The pull-secrets controller (`openshift.io/serviceaccount-pull-secrets`) is internally composed of
6 sub-controllers coordinated via Go channels: `ServiceAccountController`,
`ImagePullSecretController`, `RegistryURLObservationController`, `KeyIDObservationController`,
`LegacyImagePullSecretController`, and `LegacyTokenSecretController`.

**Rollback controllers:** The `RollbackControllers` map in `config.go` registers cleanup/rollback
logic that runs *instead of* a disabled controller. When `startControllers()` skips a disabled
controller, `startRollbackControllers()` checks this map and starts the corresponding rollback
init function. This pattern is extensible — any controller that needs cleanup behavior when
disabled can register a rollback entry. Currently only `serviceaccount-pull-secrets` has one
(the `legacyImagePullSecretRollbackController`).

## Capabilities Integration

Since OpenShift 4.14, Build and DeploymentConfig APIs can be disabled at install time via the
Capabilities API. Controllers were refactored into independently-disablable units:

- The monolithic service account controller was split into `builder-serviceaccount` and
`deployer-serviceaccount`.
- The role bindings controller was split into `builder-rolebindings`, `deployer-rolebindings`,
and `image-puller-rolebindings`.
- `AppsInformers` and `BuildInformers` only start when their controllers are enabled.
- The image trigger controller conditionally registers DC and BuildConfig sources.

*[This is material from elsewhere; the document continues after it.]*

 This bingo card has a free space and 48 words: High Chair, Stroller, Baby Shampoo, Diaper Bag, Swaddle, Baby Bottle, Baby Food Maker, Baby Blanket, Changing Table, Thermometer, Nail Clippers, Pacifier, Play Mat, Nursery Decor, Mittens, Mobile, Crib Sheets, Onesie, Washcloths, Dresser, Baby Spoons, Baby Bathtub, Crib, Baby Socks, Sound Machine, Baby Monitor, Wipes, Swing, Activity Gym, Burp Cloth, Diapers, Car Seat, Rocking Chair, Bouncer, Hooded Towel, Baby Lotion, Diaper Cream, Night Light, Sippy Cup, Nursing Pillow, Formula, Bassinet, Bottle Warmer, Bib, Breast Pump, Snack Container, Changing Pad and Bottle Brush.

## Manifest and Resource Management

OCM is deployed by the
[cluster-openshift-controller-manager-operator](https://github.com/openshift/cluster-openshift-controller-manager-operator),
not directly by the CVO. The operator manages the Deployment, ServiceAccount, ConfigMap
(controller config), and RBAC resources. OCM itself does not own CRDs — it consumes types defined
in [openshift/api](https://github.com/openshift/api).

## Dependencies

| Dependency | Role |
|-----------|------|
| `k8s.io/*` (v1.35) | Client-go, informers, workqueues, API machinery |
| `github.com/openshift/api` | OpenShift API type definitions |
| `github.com/openshift/client-go` | Typed OpenShift clients and informers |
| `github.com/openshift/library-go` | `controllercmd`, leader election, unidling client |
| `github.com/containers/image` | Image signature downloads (signature import controller) |

## Testing Strategy

- **Unit tests:** Colocated `_test.go` files in each package. Table-driven tests for build
strategies, readiness checks, deployer pod creation, and pull secret controllers.
- **OTE (OpenShift Tests Extension):** Binary `openshift-controller-manager-tests-ext` shipped in
the container image. Single-module architecture under `.openshift-tests-extension/`.
- **E2E:** Run via the `openshift/origin` test suite against a live cluster. No in-repo e2e tests.

## Design Decisions

1. **Split from openshift/origin (2018–2019):** OCM was extracted from the monolithic origin repo
to enable independent release cycles. The git history carries the full origin lineage back to
2014. Quota and SCC controllers were removed during this split.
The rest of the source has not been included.